What the exercise asks ▸ Below are the entries. Print only the lines starting at the one with "6月30日下午,一支部组织本" and ending at the one with "or raw. $8.99", exactly, with no pictures.

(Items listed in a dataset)
-- Opening Marker --

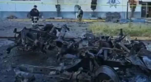 El video muestra lo que sucedió en las primeras horas del día: cuando un coche bomba explotó fuera del edificio de Seguridad Pública de Acámbaro y una patrulla de la Policía Municipal de Jerécuaro fue incendiada.
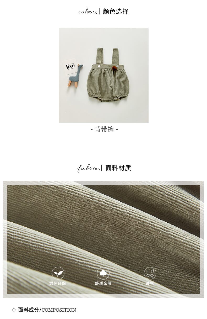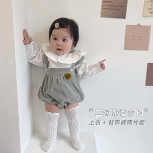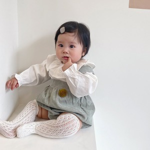 色:ホワイトフリルトップ,緑のオーバーオール
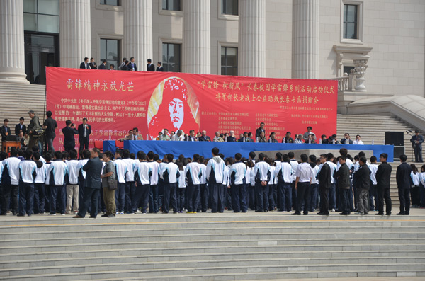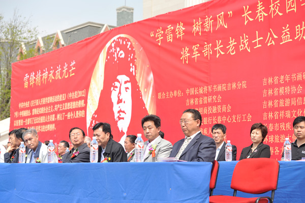 為弘揚雷鋒精神,促進校園學雷鋒活動常態化,由我校與中國長城將軍書畫院吉林分院、吉林省老年書畫研究會、長春市殘疾人聯合會(長春市殘疾人福利基金會)、吉林省旅游局信息中心等共同承辦的“學雷鋒樹新風”助殘月啟動儀式于5月13日在我校水景廣場舉行。
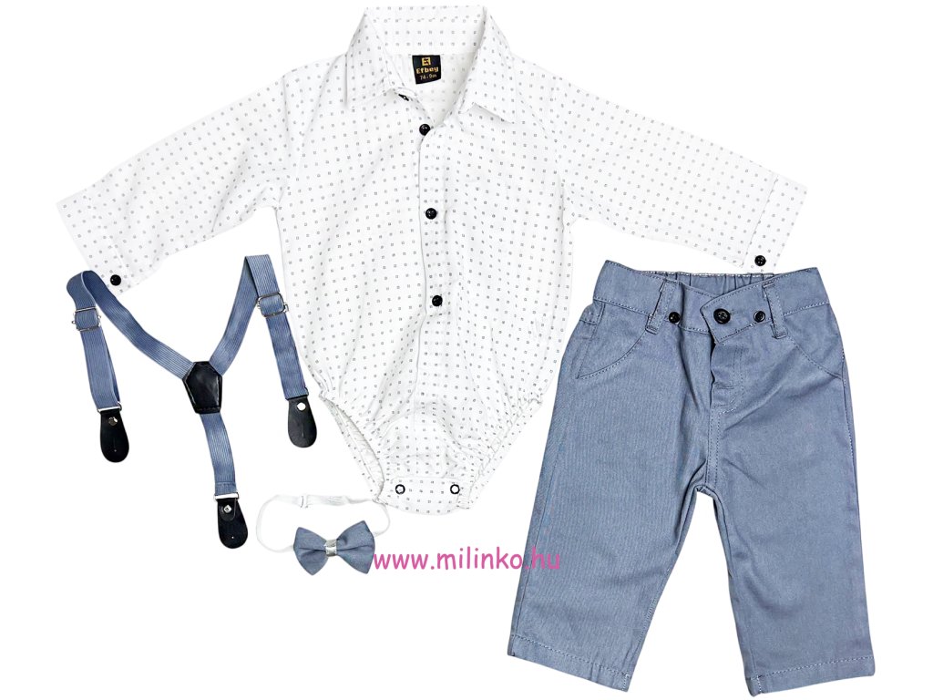 4részes elegáns babaruha keresztelőre vagy ünnepélyes alkalmakra. A babaruha szett egy ingből, nadrágból, gumis csokornyakkendőből és kantárból áll. Az ing elöl gombos, a nadrág gombra és cipzárra záródik. Az egész szett tökéletesen össze van hangolva színileg. Minőségi babaruha olcsón.
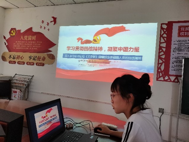 6月30日下午,一支部组织本支部员工党员深入学习习近平总书记给《文史哲》编辑部全体编辑人员的回信精神,由蔺思函主持,单晓曼和子晓晨主讲,太阳成集团tyc33455cc员工第一党支部全体党员参会。
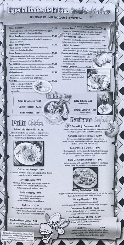 Consuming meat, poultry, fish, seafood, or eggs undercooked or raw. $8.99 chimichangas served with mexican rice and beans. Seasoned with el burro flojo dip. Served with lettuce, tomato, cheese, onions, green peppers, and sour cream. Caldo de pescado $17.99 soup. Especially if you have a medical condition. We fill a flour tortilla with your choice from the list below. Web el burro flojo dip chicken or beef with pico de gallo and great cheese sauce. $ • mexican, sports bar hours: Consuming meat, poultry, fish, seafood, or eggs undercooked or raw. Served with lettuce, tomato, cheese, onions, green peppers, and sour cream.
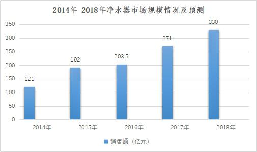 我國(guó)凈水器市場(chǎng)尚未完全開(kāi)發(fā),目前我國(guó)凈水器市場(chǎng)覆蓋率僅5%,而韓國(guó)的市場(chǎng)覆蓋率高達(dá)95%。這其中,蘊(yùn)含著巨大的商機(jī),未來(lái)凈水器市場(chǎng)可以發(fā)展成上千億乃至更多的產(chǎn)業(yè)。根據(jù)中商產(chǎn)業(yè)研究院發(fā)布的《2018-2023年中國(guó)凈水器市場(chǎng)前景及投資機(jī)會(huì)研究報(bào)告》數(shù)據(jù)顯示,2016年中國(guó)凈水器銷售規(guī)模為203.5億元,同比增長(zhǎng)40.6%;2017年中國(guó)凈水器市場(chǎng)規(guī)模達(dá)271億元,同比增長(zhǎng)33.2%,其中線上可達(dá)213億元,線下可達(dá)58億元。同時(shí),在2018年中國(guó)凈水器銷售規(guī)?;?qū)⑼黄?30億元。

-- Closing Marker --

Reply ▸
 6月30日下午,一支部组织本支部员工党员深入学习习近平总书记给《文史哲》编辑部全体编辑人员的回信精神,由蔺思函主持,单晓曼和子晓晨主讲,太阳成集团tyc33455cc员工第一党支部全体党员参会。
 Consuming meat, poultry, fish, seafood, or eggs undercooked or raw. $8.99 chimichangas served with mexican rice and beans. Seasoned with el burro flojo dip. Served with lettuce, tomato, cheese, onions, green peppers, and sour cream. Caldo de pescado $17.99 soup. Especially if you have a medical condition. We fill a flour tortilla with your choice from the list below. Web el burro flojo dip chicken or beef with pico de gallo and great cheese sauce. $ • mexican, sports bar hours: Consuming meat, poultry, fish, seafood, or eggs undercooked or raw. Served with lettuce, tomato, cheese, onions, green peppers, and sour cream.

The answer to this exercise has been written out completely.